Why new Cabinet must differ from Sunday Monitor list


In Summary



Demoralised public officials have neglected their responsibilities. Corrupt people have captured resources that belong to the public and use them for their personal gain. The predatory class seems bent on retaining what they have captured.






With a distinctly journalistic flavour, Sunday Monitor of June 5 published a credible story of Ugandans who would make the cut for an ideal cabinet. Admittedly, the people on that list have the potential to make us give a clear affirmative answer to the question the headline raised: “Is this the Cabinet that would deliver?”






However, potential alone doesn’t cut it. Reality does. It is good the paper was honest enough to note: “Dr Kizza Besigye and Mr Museveni in the same Cabinet is a daydream.”
Reality rests prominently in the winner-takes-all rules of our elections. President Museveni was on February 20 declared the winner. Behind his triumph, there were ideological cadres, suave mobilisers, trusted confidants, close aides, zealous supporters, party bankrollers, relatives and many others.






Those are the people queuing for just deserts, including juicy cabinet slots. Justice, these people expect, is done when they receive back by way of reward an equivalent to the contribution they made to win the elections. That’s why some may see the Sunday Monitor list as great nonsense.
I can’t argue with that. That’s reality. The problem, though, is that political appointees can have ways of interfering with the work of technocrats at line ministries. By heeding “orders from above” they frustrate some line people responsible for achieving the technical goals of policies.






I believe that we have resourceful technocrats.
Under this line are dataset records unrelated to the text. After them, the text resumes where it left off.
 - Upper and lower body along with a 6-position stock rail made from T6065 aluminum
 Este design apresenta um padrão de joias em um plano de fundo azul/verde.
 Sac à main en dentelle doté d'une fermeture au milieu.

I began to interview some of them in mid 1999 when I joined The New Vision as a business reporter. Shortly after, Uganda became the first to benefit from the Highly Indebted Poor Countries debt write-off by multilateral creditors. A source told me that technocrats at the Finance ministry had produced the best plan in the world for channelling savings from the debt waiver to poverty eradication and other social services.
Our problem is lousy implementation of policies and laws. I have in mind the half-heartedly implemented Decentralisation Policy of 1992 and the Local Governments Act of 1997 that operationalised it. Robust implementation of these instruments would have given us better chances of handling many of the poverty problems our people face, especially in rural areas, because local leaders know best what is happening in their localities.
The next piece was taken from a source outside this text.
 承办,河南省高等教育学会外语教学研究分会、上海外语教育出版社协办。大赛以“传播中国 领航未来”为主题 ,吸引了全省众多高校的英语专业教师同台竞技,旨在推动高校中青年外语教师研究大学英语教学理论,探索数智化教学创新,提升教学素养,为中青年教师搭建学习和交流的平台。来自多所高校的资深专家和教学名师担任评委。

Also, the involvement and participation of citizens in many aspects of development would have been better realised through decentralisation. Resource distribution or redistribution would further be a good basis for decentralised governance as “people from up there to down there” would feel good that they know what is happening to development resources. Also, issues of equality and equity would be better addressed if social planning involved communities.
Indeed, several studies show that when people have a hand in planning and decision-making, they feel that the plan being implemented is theirs and, therefore, they’ll strive to make it work. Sadly, the people who keep telling us that Uganda is on the verge of becoming a middle income nation are ignoring this fact. Yet their pronouncements seem to be based on the tendency to count chicken before they hatch.






Will oil lift us to middle income status by 2020? Not an easy question to answer. Demoralised public officials have neglected their responsibilities. Corrupt people have captured resources that belong to the public and use them for their personal gain. The predatory class seems bent on retaining what they have captured. So what’s to stop them from capturing our oil wealth?
Inevitably, the next Cabinet line-up must differ much from Sunday Monitor’s wish list because of the political calculations that exert so much pressure on President Museveni’s decisions.
Okodan is a lecturer at Kampala International University.